Cybersecurity threats tap into existing vulnerabilities and have human origins – making them easier to predict than most disaster events. What’s required is the identification of impact areas, asset safeguarding, and the implementation of a resilient defense mechanism.
The best recourse is always ‘in the sky’: Transitioning to Cloud
Remote infrastructures can play a critical role in disaster recovery and business planning.
Essentially, the cloud ensures operations are accessible anytime, and from any device. This could be as basic as saving contracts on Dropbox instead of filing them away in a tangible storage unit that’s open to disasters and accidents.
Or, it could be a deeper, more well-articulated roadmap where all key components – from emails to servers – are stored in a secure cloud system, customized to unique business needs.

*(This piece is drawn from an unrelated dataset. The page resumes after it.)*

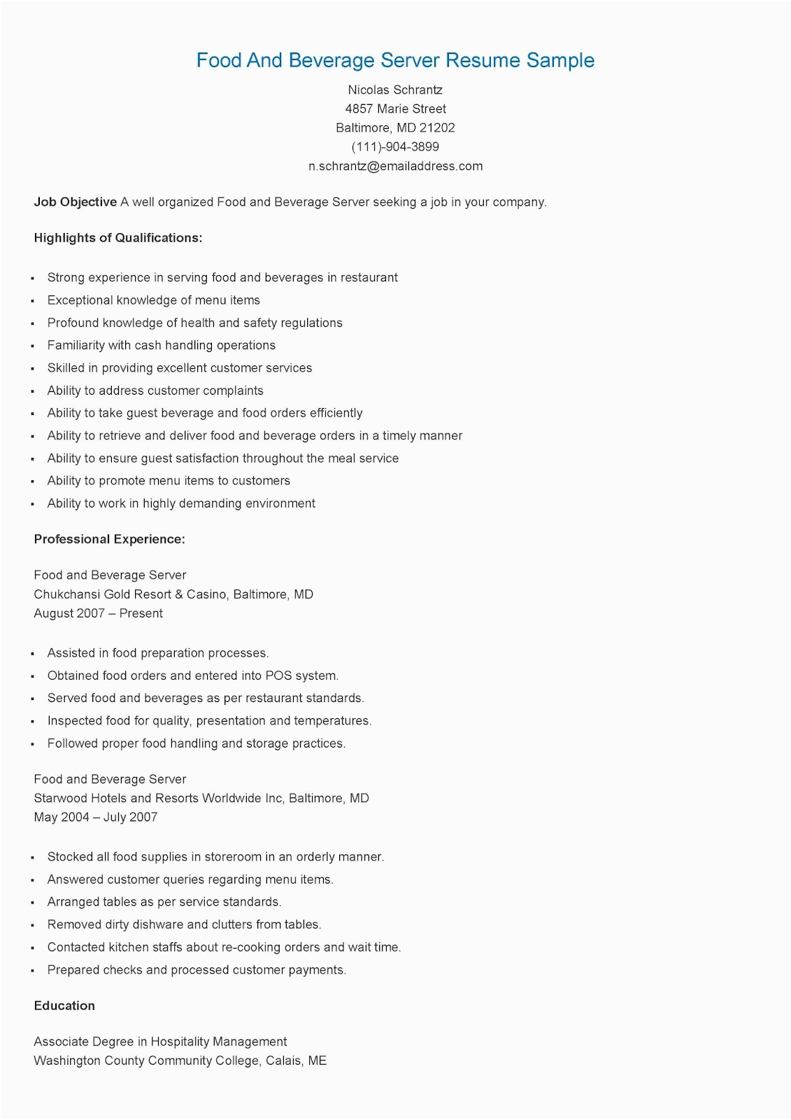 in imitation of you are searching for the absolute job, you will of course want to put your best foot concentrate on taking into consideration an fabulous and well-formatted resume. One exaggeration of assuring that you have such a resume is to download a sample resume for food and beverage server. These templates can manage to pay for you with the true resume you are looking for or simply use them as a guide to make your own.

When it comes to inking a cloud-based Disaster Recovery and Business Continuity Plan strategy, organizations could choose between 4 routes:
- Active configurations: While absolutely minimal downtime is guaranteed, this is cost-intensive as a piece of cloud real-estate needs to be continuously operational. For global enterprises, this is often the ideal solution.

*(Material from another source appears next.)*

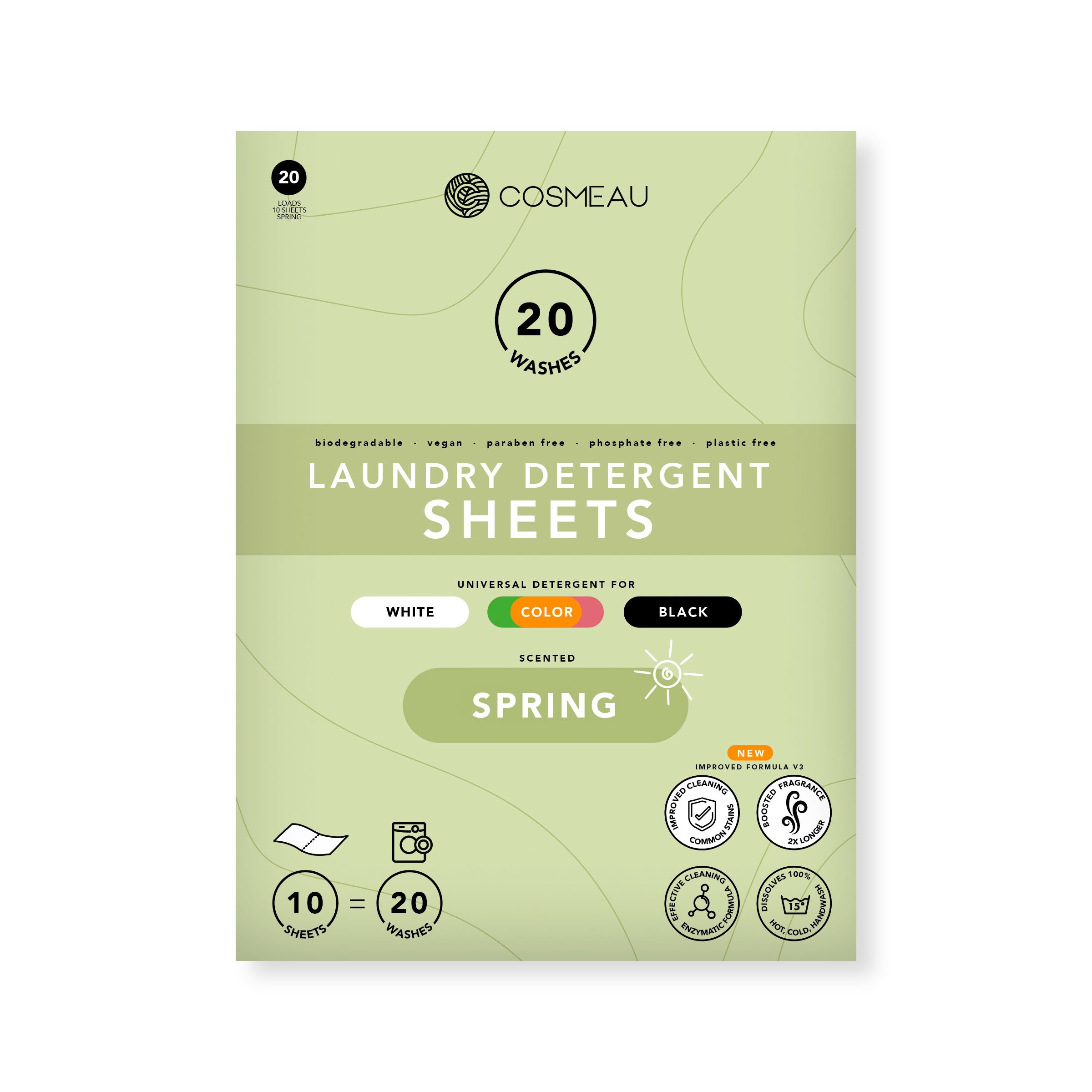 Laundry strips are a paper-form laundry detergent. An affordable and eco-friendly way to wash your clothes. Plastic-free, vegan, and biodegradable. No more lifting heavy bottles or cluttering your shelves with large boxes. Our highly concentrated eco formula is gentle, dissolves in both hot and cold water, and ensures clean and fresh laundry.

- Active/passive hybrids: Some downtime is expected, but not for extended periods. The upside is that this is typically an efficient, cost-optimized ‘pay-as-you-use’ alternative
- Workload-specific DR and BCP: The plan is limited to certain segments of infrastructure, assets, and processes. They are stored in the cloud to be mirrored on live platforms (BCP) or fully restored (DR), in case of downtime.
- Backup-based recovery: Ideal for organizations that can absorb a chunk of downtime, this focuses on restoring applications and workloads to its original state. For large-scale plans, this is a slightly sluggish but comprehensive option.
Today, disruptors in the cloud technology space are taking the debate to more granular levels – a contingency plan isn’t just an afterthought. It is entrenched into day-to-day operational models, via solutions that go beyond storage and allow key functions to simply move to the cloud.
With a dedicated cloud collaboration platform in place, organizations could restore Business As Usual (BAU) after IT disaster events with minimal costs, and at a fraction of the expected timeline.
A secure cloud email archival tool could protect vital information from external threats and internal vulnerabilities – the use cases are virtually limitless.
What’s needed is a framework that takes these essentials and drafts a 360-degree BCP & DR strategy, covering every milestone: everyday exchanges, minor downtimes, and fatal cybersecurity risks.
Turning Thought to Actuality: The Big Leap
In spite of the conversations around DR and BCP, 1 in 3 companies are yet to take any concrete steps. Management teams often push it to the bottom of the priority list, miscalculating the probability and the potential impact of risks.
To push a standard policy into place, begin by asking stakeholders – “What happens if X application crashes and cannot be recovered?” The answer defines the Recovery Time Objective (RTO) for DR – the service level within which operations must be up and running to avoid a negative result.
Next up is the time factor: “What would happen if we lose data for 1 minute, 1 hour, 1 day, 1 week, and so on?” This extracts the Recovery Point Objective (RPO) for the BCP.
Remember, these are only starting points.
Building upon this skeletal blueprint with an exhaustive event and impact analysis and reaching out to third-party providers equipped to manage DR and BCP planning is the obvious next move.